Кто-то шумно вздыхал, кто-то резко вставал.

Поднимались и падали длинные тени.

Был январский вечер. Канун Рождества.

Говорили, смеялись, пили и пели.

 

Вы сидели напротив. Был канун Рождества.

И шутили развязно, и пальцами нервно

теребили салфетку, роняли слова

и топили их в мутном стакане с портвейном.

 

Снова вверх поднимались и плыли слова,

плыли тени, и плыли значенья на лицах.

Был январский вечер. Канун Рождества.

Наливалась вином и румянцем провинция.

 

В сизом дыме тонули, как рыбы, слова.

Плыли свечи, в подсвечниках  таяло время.
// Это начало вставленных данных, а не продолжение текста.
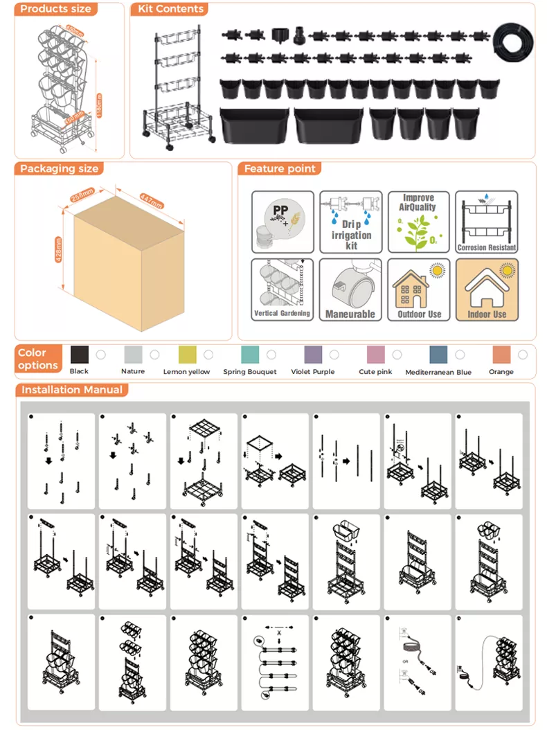 · Портативность этого сада позволяет легко перемещать его на солнце или в тени, а также перемещать внутрь в суровую погоду.

Был январский вечер. Канун Рождества.

Шли волхвы. Восходила звезда в Вифлееме.

 

***

А мне и  не надо ни губ, ни рук

твоих, уходи с богом.

Пешком до города – большой крюк

и в снегу по плечи дорога.

 

А я пожарче зажгу свечу,

печь затоплю, заведу будильник,

на вечность помечу, я не хочу,

чтоб раньше меня будили.

 

Бог с тобой, дорогая, почём

нынче луки и стрелы?

Мой падший ангел за правым плечом,

твой светлый ангел за левым.

 

Сегодня ночью старый год,

а завтра ночью – новый.

Метелью в село босиком идёт

к нам Рождество Христово.

 

А мне не надо ни рук, ни плеч

твоих, приходи с Богом.

Горит свеча, натоплена печь,

есть мёд и вина немного.

 

Восходит звезда над нашим селом,

и  мечет метель свои стрелы,

как падший ангел за правым плечом,

как светлый ангел за левым.

 

***

Как нищий, что ещё стыдясь

просил простить за корку хлеба;

одна рука писала страсть,

другая – Небо.

 

И выйдет, что судьба проста,

прожив от края и до края.

Что просишь ты ещё, когда

всё отдал и рука пустая?

 

***

И сытость глаз, и сухость жил

прости улыбкою повинной.

Ты вся как есть, Марина-Жизнь,

читаешься как Страсть-Марина.

 

Не отвести судьбы прищур

в попытке подменить несмелой.

И даже не натянет шнур

вес птичий собственного тела.

 

***

Круг друзей ограничен до здравствуй, привет, как дела?..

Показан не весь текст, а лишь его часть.